Hopefully, this tax increase will not happen. That could put some gas above $4.00 a gallon.
Congressional commission recommends 25-cent gas tax hike
Michael Cabanatuan, Chronicle Staff Writer
Tuesday, January 15, 2008
A congressional committee will recommend an increase of at least 25 cents in the federal gas tax Tuesday as part of a complete overhaul of the way the federal government plans and funds the nation's transportation system.
The 12-member National Surface Transportation Policy and Revenue Study Commission was assembled by Congress in 2005 to come up with a vision for how to preserve and enhance the nation's roads, highways, railroads and transit systems. Over 20 months, the committee held dozens of meetings and 10 hearings at sites around the country.

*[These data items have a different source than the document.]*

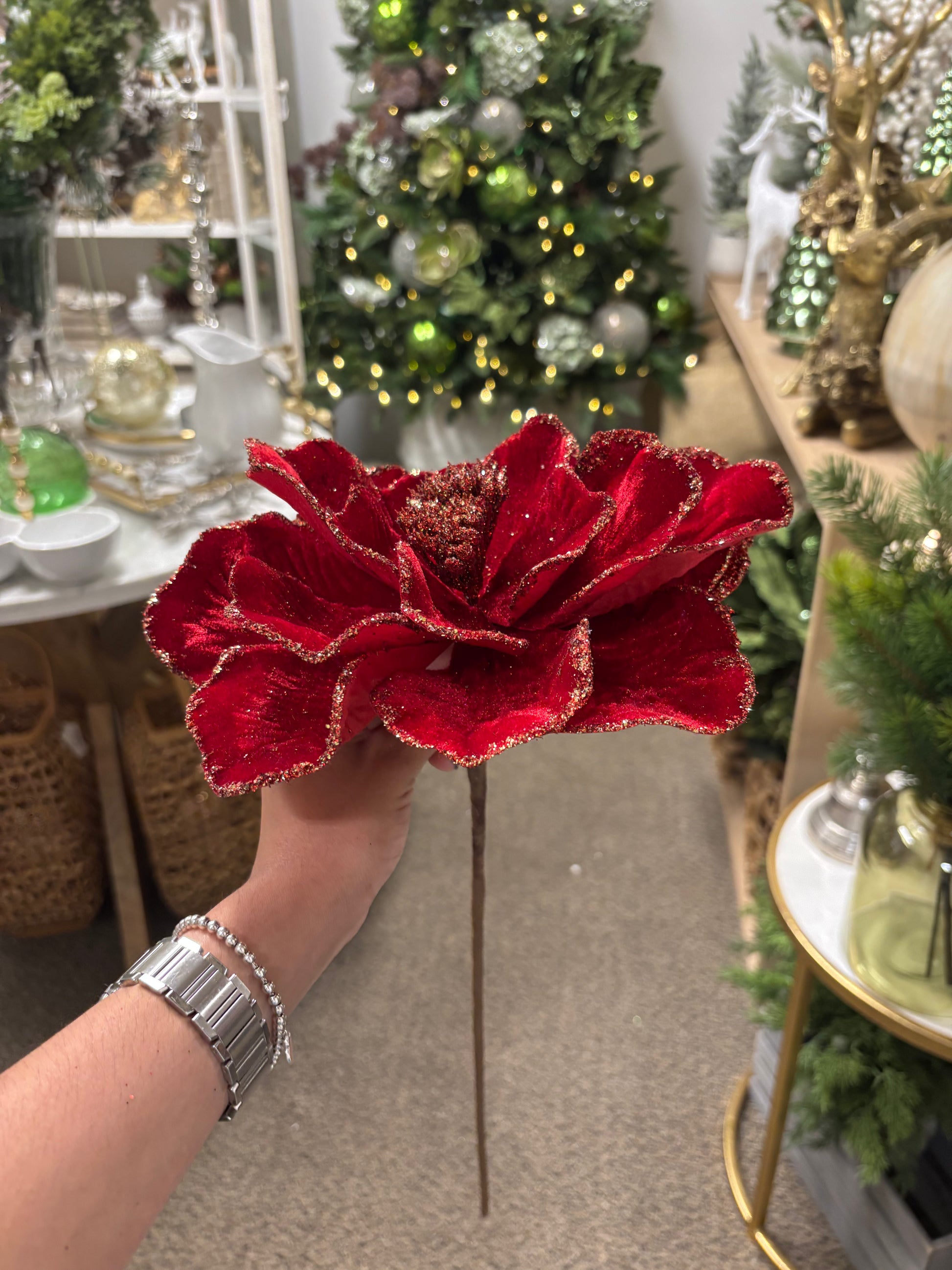 Elevate your floral arrangements with this striking Red Magnolia Stem, enhanced with delicate gold glitter accents that catch the light beautifully. The rich crimson petals paired with shimmering gold detailing create an elegant, luxurious aesthetic perfect for weddings, upscale events, or sophisticated home décor. This premium stem adds depth and visual interest to any arrangement while maintaining a refined, polished appearance. Ideal for creating statement pieces that command attention.
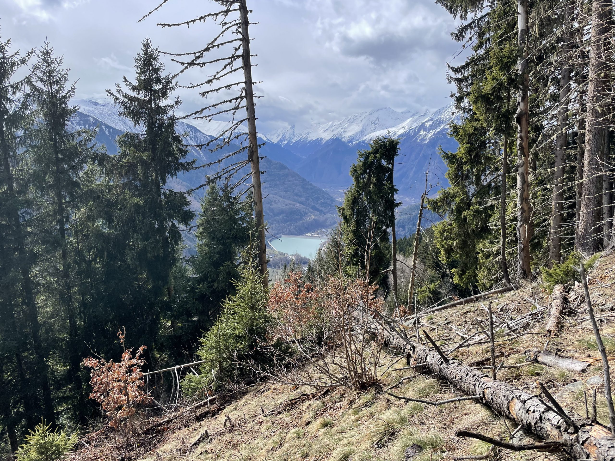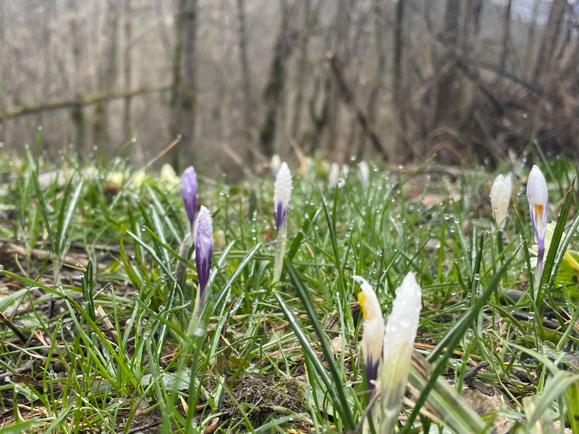 The first part of the walk traversed the hillside on a lovely primrose and crocus strewn path. Unusually there was a fat seam of slate in the limestone. Then the path became steeper, taking a direct line up the slope through the trees. At the top there was enough compacted snow and ice on the path to make us glad of our microspikes to stop us slipping back down.
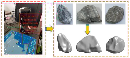 Relative roughness Kd is defined as the ratio of absolute roughness K to the equivalent diameter de. According to the one-dimensional flow model assumption, the area where the lubrication layer contacts the plunger layer consists of coarse aggregate particles with uniform particle size. Thus, the absolute roughness is considered to be the average particle size of the aggregate particles. Aggregate particles have complex shapes and different sizes. The HandySCAN non-contact 3D laser scanner and reverse modeling software Geomagic Design X are used to geometrically reconstruct the aggregate particles. The total surface area Sa of the selected aggregate particles is calculated using the geometric body surface area statistics function of the 3D mapping software(Geomagic Design X 2017 software), as shown in Figure 5. To equate the hydraulic radius of the non-spherical particles to that of the spherical particles, the equivalent diameter K of the non-spherical particles is calculated as follows:

The panel's recommendations call for reforming and restructuring the way the federal government selects, funds and constructs projects - currently a disjointed process that committee member Steve Heminger, executive director of the Bay Area's Metropolitan Transportation Commission, said lacks direction.
"We're trying to focus the federal effort in areas where there is a national interest at stake," he said.
Federal transportation programs number more than 100, Heminger said, and the committee is recommending they be cut to 10 focused on clear objectives, including restoring the nation's transportation infrastructure, improving mobility in metropolitan areas and speeding the movement of goods to and from the nation's ports.
But such improvements will be costly. The nation spends about $85 billion a year on transportation at the federal, state and local levels, but needs to spend about $225 billion, the committee concluded.
To foot the bill, the committee is suggesting an increase in the federal gas tax. The tax of 18.4 cents per gallon hasn't been raised since 1983, despite an increasing number of cars and drivers and the resulting huge increase in congestion.
The committee recommends a 5-cents-per-gallon increase in the tax for each of the next five years along with per-container freight fees at ports, ticket taxes for passenger rail systems and the ability for state and local officials to impose congestion tolls and enter private-public partnerships. Absent those other sources, Heminger said, the gas tax would need to rise 8 cents per gallon for each of the next five years.
While the committee's members agreed on the need for change, Heminger said, three members appointed by the Bush administration - including Transportation Secretary Mary Peters - oppose raising the gasoline tax. But the other nine members - five appointed by Republicans in Congress, four by Democrats - concur with the increase.